Léonin (also Leoninus, Leonius, Leo; ) was the first known significant composer of polyphonic organum. He was probably French, probably lived and worked in Paris at the Notre Dame Cathedral and was the earliest member of the Notre Dame school of polyphony and the ars antiqua style who is known by name.  The name Léonin is derived from "Leoninus," which is the Latin diminutive of the name Leo; therefore it is likely that Léonin's given French name was Léo.

Overview
All that is known about him comes from the writings of a later student at the cathedral known as Anonymous IV, an Englishman who left a treatise on theory and who mentions Léonin as the composer of the Magnus Liber, the "great book" of organum.  Much of the Magnus Liber is devoted to clausulae—melismatic portions of Gregorian chant which were extracted into separate pieces where the original note values of the chant were greatly slowed down and  a fast-moving upper part is superimposed.  Léonin might have been the first composer to use the rhythmic modes, and may have invented a notation for them. According to W.G. Waite, writing in 1954:  "It was Léonin's incomparable achievement to introduce a rational system of rhythm into polyphonic music for the first time, and, equally important, to create a method of notation expressive of this rhythm."

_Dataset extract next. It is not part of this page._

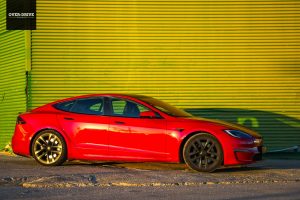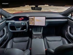 נשק יום הדין של טסלה מודל S כדי להישאר רלוונטית, בעידן שבו יצרניות אחרות מדביקות את פער, הוא כוח. המון כוח. לא מפתיע בהתחשב במוצא האמריקאי שמקדש שרירים. לפני שנגיע להיבטים האחרים בואו נשים את הדברים על השולחן, בלי קלישאות לעוסות או נסיון למצוא הגדרות חדשות במילון להתפעלות. עם 1020 כ"ס המאפשרים זינוק ל-100 ב-2.1 שניות במרחק של כמה לחיצות על מסך מגע, אין שום מכונית בעולם מציעה ביצועים כמו טסלה מודל S פלייד שלא מיוצרת בעבודת יד או נפלטה בטעות ממסלול המרוצים, בטח לא בכזו קלילות.

The Magnus Liber was intended for liturgical use.  According to Anonymous IV, "Magister Leoninus (Léonin) was the finest composer of organum; he wrote the great book (Magnus Liber) for the gradual and antiphoner for the sacred service."  All of the Magnus Liber is for two voices, although little is known about actual performance practice: the two voices were not necessarily soloists.

According to Anonymous IV, Léonin's work was improved and expanded by the later composer Pérotin.  See also Medieval music.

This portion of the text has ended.